If they could shove one of these in a C100 or C300 (no mirror) somehow I would be so ecstatic. Doesn't seem likely.


----------



## BRNexus6 (Jan 16, 2013)

Not only are you getting basically the same DOF/FOV as a FF Sensor, but you are also getting about 1 stop of exposure increase, so you can drop your ISO and get cleaner low-light images on your APS-C mirrorless bodies.


----------



## Axilrod (Jan 23, 2013)

rs said:


> As novel as this Metabones Speed Booster is, I can't imagine it working all that well, and if anything, worse than a FF lens on an NEX with an EOS adapter with no optical telecompressor if the mainstream manufacturers product lineup is anything to go by.



In all the comparisons I've seen it's done very well and most of the reviewers were incredibly skeptical at first.
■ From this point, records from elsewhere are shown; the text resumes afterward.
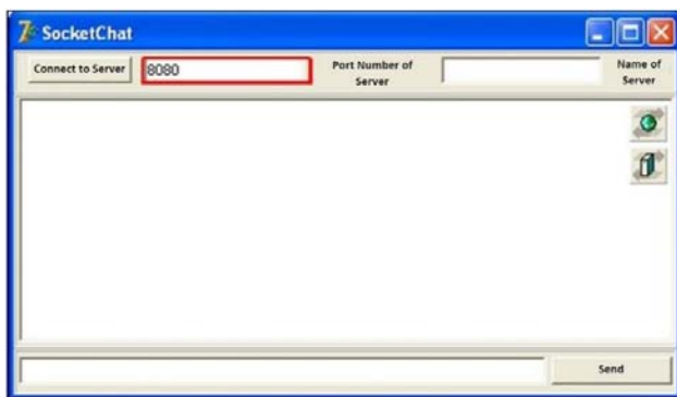
Fig. 3 The port number of the server
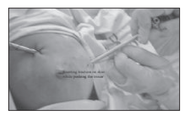
Fig.-2a : Traction on skin during 2<sup>nd</sup> and subsequent port placement

classical HD. For long segment HD, foot-end and head-end of the patient were elevated alternatively and the assistant changed position accordingly from headend to foot-end side. Bipolar cautery was used to burn the meso-colon to create a window before skeletonization of distal colon using monopolar hook cautery. Occasionally 5 mm clips were used to divide the blood vessels between clips. Adequate length of distal colon was mobilized in this manner and CO<sub>2</sub> insufflations shut down before proceeding to transanal dissection. After trans-anal dissection was complete, the already mobilized colon was pulledthrough the anus. Abdomen was distended again with CO<sub>2</sub>. telescope was introduced to see the orientation of pulled-through colon, any herniation of small-gut beneath it and for any bleeding or collection. Then the laparoscope and insufflations were shut down and coloanal anastomosis was done. The ports were closed subcuticularly after fascial closure at right upper quadrant port.
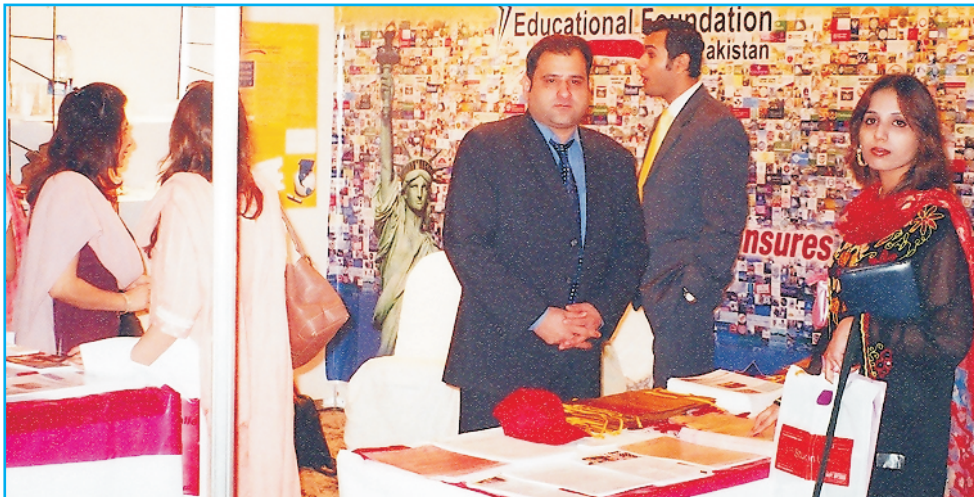
A view of the 4th Dawn Expo, Rawalpindi
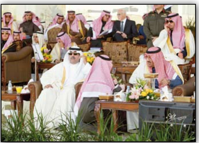
HRH Prince Faisal with Prince Khaled Bin Sultan
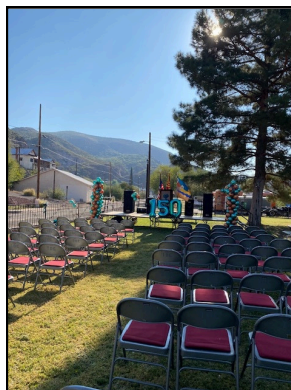
Town of Clifton Founders Day Celebration
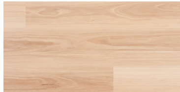
Serisa Blackbutt GLADES060
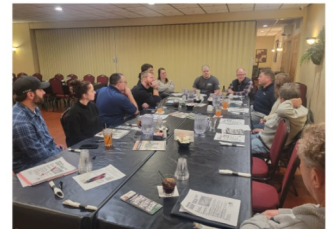
SHOP TALK 2026
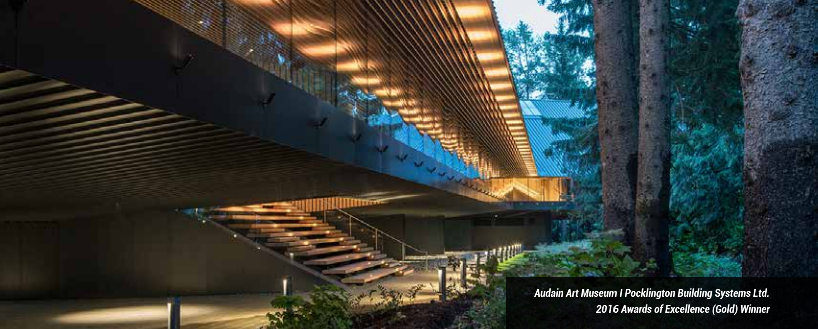
Audain Art Museum | Pocklington Building Systems Ltd. 2016 Awards of Excellence (Gold) Winner
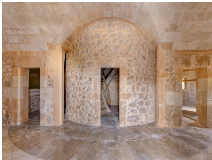
A conversion to an imposing residence is also possible

All information is correct to the best of our knowledge. Errors and prior sale excepted. This prospectus is purely for information purposes. Only the notarized deed of sale is legally binding.
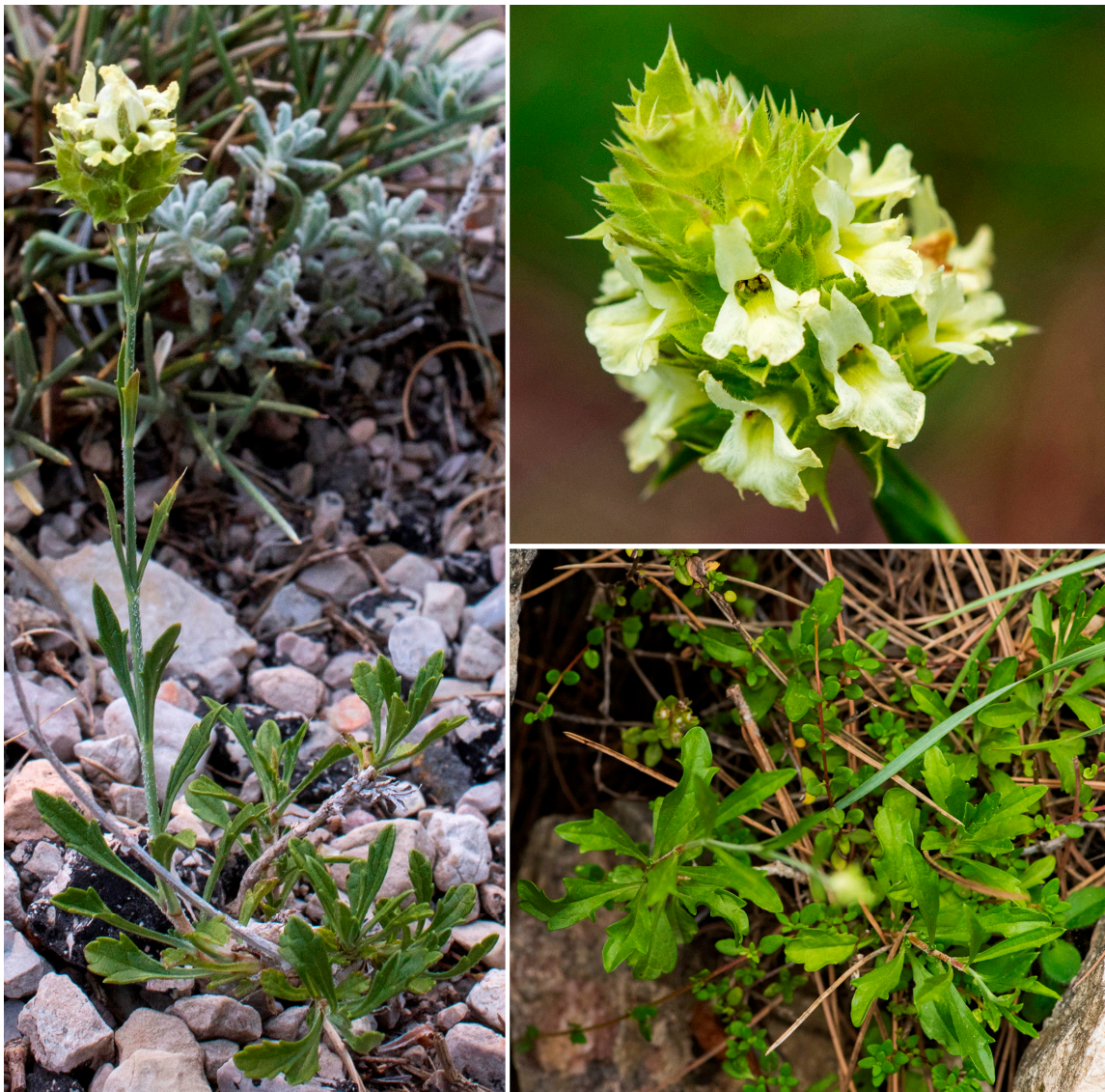
Figure 2. Sideritis royoi (field images in habitat from Caro-La Barcina mountain). Habit ( left ); inflorescence ( above right ); basal and middle leaves ( bottom right ).

Eponymy: The new species is dedicated to the late Ferran Royo Pla (1969–2016) for his outstanding work that contributed to improving the botanical knowledge of the Port Massif.

I think it's huge for FS100/FS700 users and will be huge for the MFT mount Blackmagic Design cinema camera. 

Also, people with lower end NEX cameras can make their cameras full frame in a jiffy.

Here is a full review, the positives outweigh the negatives by a longshot: http://www.eoshd.com/content/9485/metabones-speed-booster-adapter-full-review


----------



## Axilrod (Jan 23, 2013)

paul13walnut5 said:


> If you have an Sony NEX camera and a bag of EF lenses this metabones adaptor makes some startling claims...
> An EOS M killer?
> Primarily for video use, why not stills too though?
> 
> ...



Paulie now I'm glad the BMD camera didn't show up, I want the MFT version with one of these things!


----------



## paul13walnut5 (Jan 23, 2013)

Are they launching an MFT version? Interesting idea, I guess it's essentially a MFT image circle for that sensor anyway, my reservations would be the lack of decent MFT video lenses (no fast zooms for example) it'll be funny seeing a BMD camera with all the various silliness that MFT users adapt to their cameras...


----------



## Grummbeerbauer (Jan 24, 2013)

At first, I was skeptical about the possible quality of such a solution. But so was Roger, the Lensrentals guy. 
Read his take on the Metabones adapter:

http://www.lensrentals.com/blog/2013/01/metabones-magic

Looks pretty damned good to me.


----------



## 1255 (Jan 24, 2013)

i have a friend that's been using a prototype for a few weeks now. he tells me it's not necessarily perfect but that it's really very interesting. this one is, apparently, worth watching.


----------



## pharp (Feb 21, 2013)

An MFT version is in the works, but so is a Canon M version. Now, if Canon steps up their game with the M series (especially AF) - they may really have something. Get FF FOV and one extra stop using an EF lens on the M - great! Come on Canon - give us an NEX IQ mirrorless. Adapter should be less than NEX version as well (maybe ~$400) - no chip. 

http://www.metabones.com/sony/questions


----------



## wickidwombat (Feb 22, 2013)

is it just me or does anybody else wish there was something like this for full frame
imagine a 70-200 f2.8L IS II
becomes a 50-143 f2 IS


----------



## TrumpetPower! (Feb 22, 2013)

wickidwombat said:


> is it just me or does anybody else wish there was something like this for full frame
> imagine a 70-200 f2.8L IS II
> becomes a 50-143 f2 IS



Anything that was like that would have to start its life as a medium format lens -- or, at least, have an image circle large enough to be de-magnified.

I don't know what lenses are like in the medium format world, but I can guarantee you that anything comparable to a 70-200 f/2.8 IS would cost more than a Great White. Hasselblad, for example, sells their 50-110 f/3.5-4.5 for $5,595....

Cheers,

b&


----------



## wickidwombat (Feb 22, 2013)

TrumpetPower! said:


> wickidwombat said:
> 
> 
> > is it just me or does anybody else wish there was something like this for full frame
> ...



I know 
thats why i used the word wish :'(


----------



## TrumpetPower! (Feb 22, 2013)

wickidwombat said:


> thats why i used the word wish :'(



Well, in that case, why hold back?

I wish for a camera the size of an iPhone, with a sensor the same dimensions as the case, with a built-in 8-2000 f/0.8 lens (that, of course, doesn't add to the volume of the camera when not in use). Oh -- and the lens should have full movements and at least ten stops of IS, and the camera itself should have a gigapixel sensor and a dynamic range of 20 stops and a maximum ISO of like a million or so with noise at that ISO comparable to a 5DIII at ISO 100.

And, yes. Of course! This camera should be delivered by a flying unicorn pony. I mean, like duh! Do you really have to ask?

Cheers,

b&

P.S. Yes, I'll be needing to keep the pony, too.... b&


----------



## tcmatthews (Feb 22, 2013)

For some reason I am just not interested. I think I would rather buy a metabones adapter capable of maintaining a full frame image circle and is self update-able. So that if Sony releases a full frame NEX I could use my EF lenses on it as well as my NEX6 

I have a manual adapter and all of my EF lenses are just huge on a NEX6. Almost as ridiculous as putting my EX430 II flash. The flash does work as a manual flash at least. They also defeat the purpose of having a small camera. But I do like using my dads 135F2.5 FD, I would be interested if they made a manual Canon FD adapter to breath new life in those old lenses. But a EF adapter I think I will pass for the price they are asking.


----------